1. I don't want the US and China to spar. I don't like Americans (including at least one other comment) cheering China's demise. I don't view them in the negative light I view Russia, Iran or other states that I find truly bad actors.
2. Despite the statistics you site, I hear so much about how China is absolutely killing it in many sectors. I just listened to a WSJ interview, for example, that walked through how China is "generations" ahead in their EV production, technology and manufacturing techniques. It sounded like they are truly light years ahead of the US, which was, in his opinion, in large part driven by the tenacity of the workforce and fierce competitive nature and creativity of their leadership. While many will argue that China has massive subsidies and IP theft that led to this success, it seems clear to me that much of it was legitimate as well. China also has made huge strides with its AI and is not far behind the US
This is where "productivity" in economics differ from "productivity" in technology. China has a genuine 2-3 generations' lead in EV production tech, but the investment flood has caused such fierce price war that none of that tech has translated to profits for anyone, and tariffs along with market slow downs have diminished profit chances via exports. Same with AI.
Good Post.... I expect things will only get worse as long as the CCP is in charge. On the side of the west, the key is to maintain capability around key industries which can be ramped up in the likely event of a collapse (solar, ev batteries, mature semi, etc).
Stalin proved you can build tanks but he also proved you cannot grow food. Xi is making the mistakes that all dictators do. Believe themselves to be infallible. Hubris and fear of jail or death are poor substitutes for the freedom of invention.
This should be a lesson that industrial planning is crap. Sadly, it will end up the same way with the same refrain we hear about socialism. “Real Socialism has never been tried.”
From FDR to Stalin to Mao to Xi....Industrial planning has never worked. That is very different from freeing up regulation and taxes on a new industry to allow it to flourish.
Love your articles on the Chinese economy. They are just the right combination of explanation and technical detail to help non-economists understand this very important topic.

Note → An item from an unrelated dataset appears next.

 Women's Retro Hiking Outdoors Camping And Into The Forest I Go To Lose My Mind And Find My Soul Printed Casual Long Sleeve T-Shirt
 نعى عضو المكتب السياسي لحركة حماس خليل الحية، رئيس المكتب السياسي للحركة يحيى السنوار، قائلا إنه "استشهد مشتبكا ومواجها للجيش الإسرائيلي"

You talk like these problems for China are a Bad Thing. They are our enemy. Chinese economic troubles are good for us. We should think about how to make them worse.

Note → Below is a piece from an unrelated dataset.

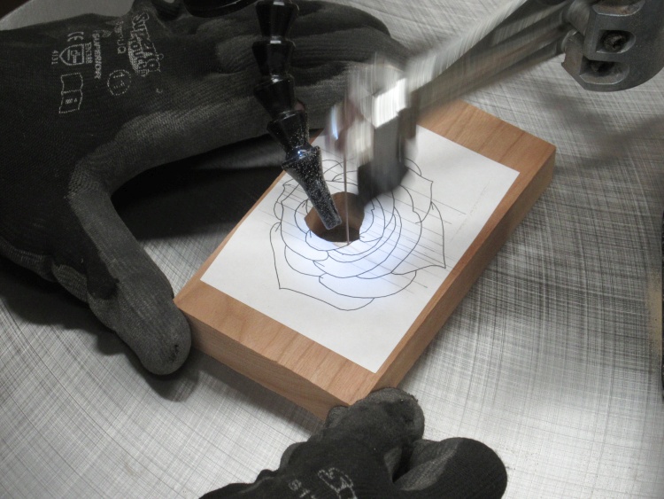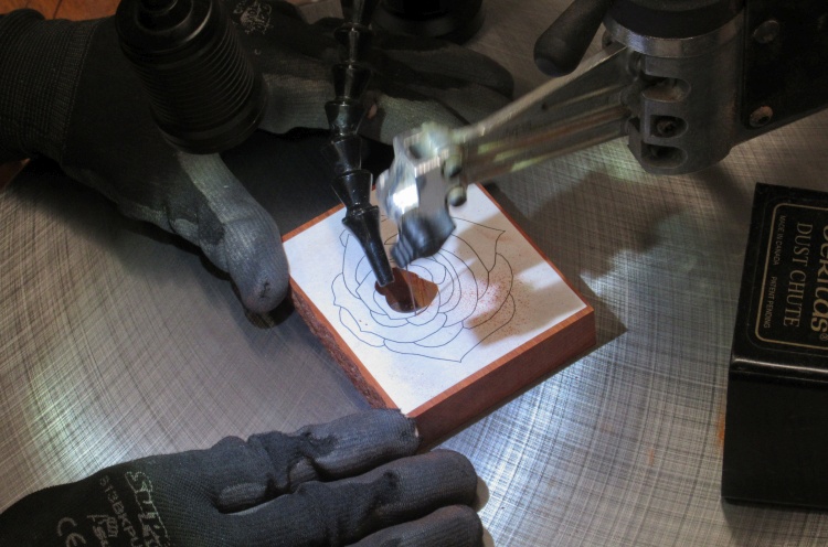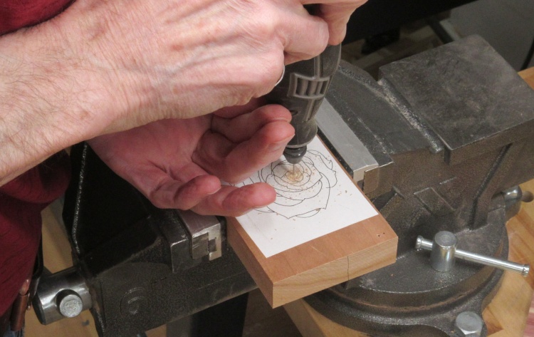 The rose would be cut out starting at the center, so a hole was needed to stick the blade through. The #5 blade I planned to use needed a hole of around 0.05" (yes, it is a small blade) so I drilled one smack dab in the middle of the blossom using the Dremel.

It is a good thing if the government is having trouble imposing its power on the world. But economics is about people more than governments. An economic slowdown in China means that a billion people are experiencing worse lives than they might have otherwise, and that is inherently a bad thing, even if it has some good side effects in limiting government power.
Not to mention Noah's view is that China doing worse makes it more, rather than less, likely that they will try and invade Taiwan as a way for the CCP to shore up its legitimacy in the face of economic stagnation.
Would like to hear your opinion on DeepSeek the new AI LLM from China, that is claimed to be better than the latest OpenAI and Anthropic models but developed at a tiny fraction of the cost.
Is this a breakthrough in new techniques or did they steal something, or is it not what it claims to be? Or maybe they want to use it to tempt people outside to freely give it information they want to steal.
If they can actually do this, then our restrictions on advanced semiconductors and equipment will cease to be a barrier.
Lawrence Harrison wrote a book after a lifetime of trying to help countries develop. He noted that only countries immersed in Protestantism, Confucianism, and Judaism could consistently generate high incomes. There are cultural practises/attitudes embedded in each social system that are either friendly or unfriendly to economic growth. This seems to bear out when considering the GDP per capita in different countries. I am surprised that this has not translated to investment strategies. Something to consider, although I have never seen this discussed, possibly because it is politically incorrect to do so.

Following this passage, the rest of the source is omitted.